Эдвард Радзинский

Цари. Романовы. История династии


Скачать книгу

Он должен был охватить весь Кремль, но, к счастью, истощенная пугачевским бунтом и войною казна не дала возможности осуществить это… Последствия внимания Екатерины были страшны: уничтожение еще крепких старых зданий Приказов, знаменитого Запасного дворца, где когда-то помещались хоромы Самозванца, снос Тайницкой башни, палат Трубецких, церкви Козьмы и Дамиана, дворцов духовенства. По планировке 1775 года была расчищена Красная площадь, сломан старый Гостиный и Посольский дворы, уничтожены стены, ворота и рвы Белого и Земляного городов…
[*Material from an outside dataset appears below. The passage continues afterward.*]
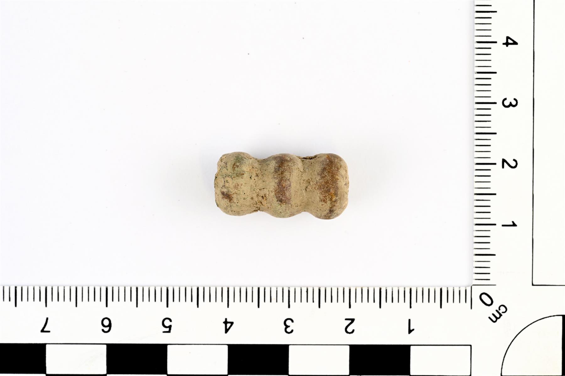 | Kolmiosainen sarjahelmi. Helmet ovat muodoltaan sivuilta litistyneen pyöreitä. Läpi menevä reikä on melko keskellä helmeä. | |
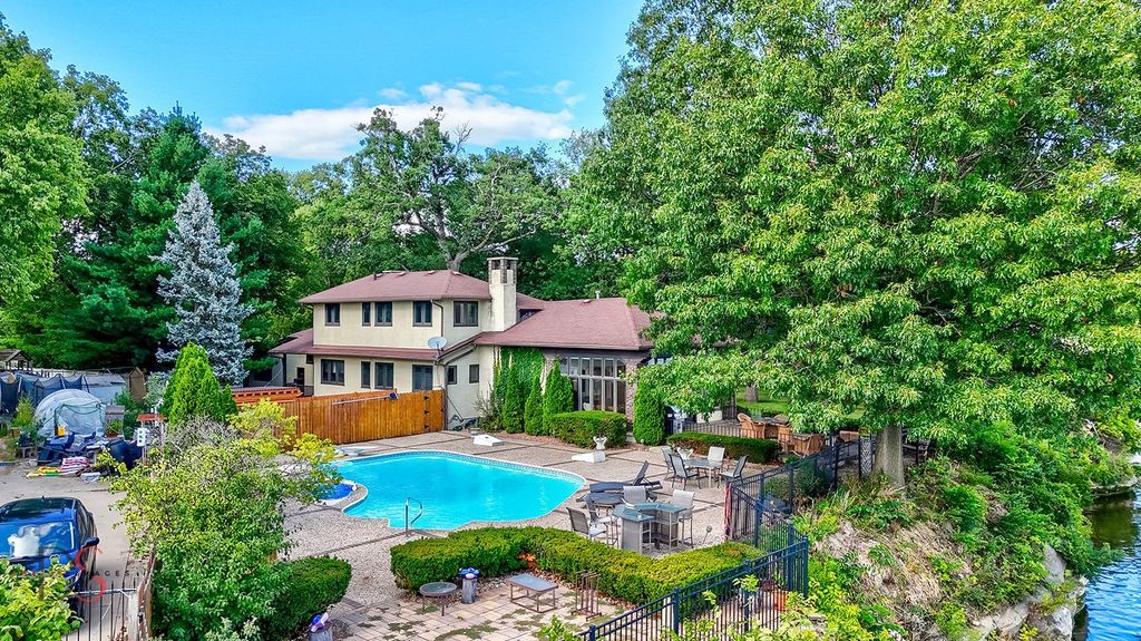 A unique opportunity to own a piece of riverfront architecture! This rvire front home offers amazing views and your own private inground pool. Stunning Prairie Style 1.5 Story on .75 acres facing Southwest on the Illinois River. Character, charm, built-ins, original stained glass windows & a 4 Season Sunroom round out only some of the many details this beautiful home possesses. Features: 1st Floor Master, wood beamed den, stately dining room, entertainment bar in the sunroom looking out at the turquoise pool, hardwood floors, wine cellar, finished basement & shady oak trees everywhere. Lot behind driveway adds value for your own dog park, playground or build an additional garage or guest suite. Come and live here and you'll be on vacation every day of your life.

      Пока шло очередное разрушение-реконструкция древнего Кремля, Екатерина жила в старом Коломенском дворце.

      В девять утра князь Александр Алексеевич Вяземский, как всегда, шел с докладом в кабинет императрицы.

      Надев «снаряд», Екатерина читает отчет князя Голицына. Сначала с милостивой улыбкой: добрая государыня читает отчет доброго слуги. Но постепенно лицо ее мрачнеет. Наконец, отбросив бумаги, императрица приходит в бешенство. Она быстрыми шагами разгуливает по кабинету, пьет воду и бормочет:

      – Бестия!.. Каналья!.. Это недонесение, это любовное послание. Этот выживший из ума старец, по-моему, совсем потерял голову от развратной негодницы!

      Наконец она успокоилась, уселась в кресло, позвонила в колокольчик.

      Вошел молодой белокурый красавец Завадовский, новый секретарь императрицы.

      Петр Васильевич Завадовский с весны 1775 года состоял «при собственных делах императрицы». В июле того же года при праздновании Турецкого мира ему будет пожаловано полтысячи душ в Белоруссии.

      – Пишите, мой друг. Секретарь усаживается за столик.

      Екатерина, расхаживая по кабинету, начинает диктовать письмо Голицыну.

      Князь Вяземский, как всегда, молча наблюдает эту сцену. Он есть – и его нет. Он умеет исчезать, оставаясь на месте.

      – «Князь Александр Михайлович, – диктует Екатерина. – Пошлите сказать известной женщине, что, ежели желает она облегчить свою судьбу, пусть перестанет играть ту комедию, которую она в присланных нам бумагах играет. Это дерзость. Дерзость доходит до того, что она смеет подписываться Елизаветой».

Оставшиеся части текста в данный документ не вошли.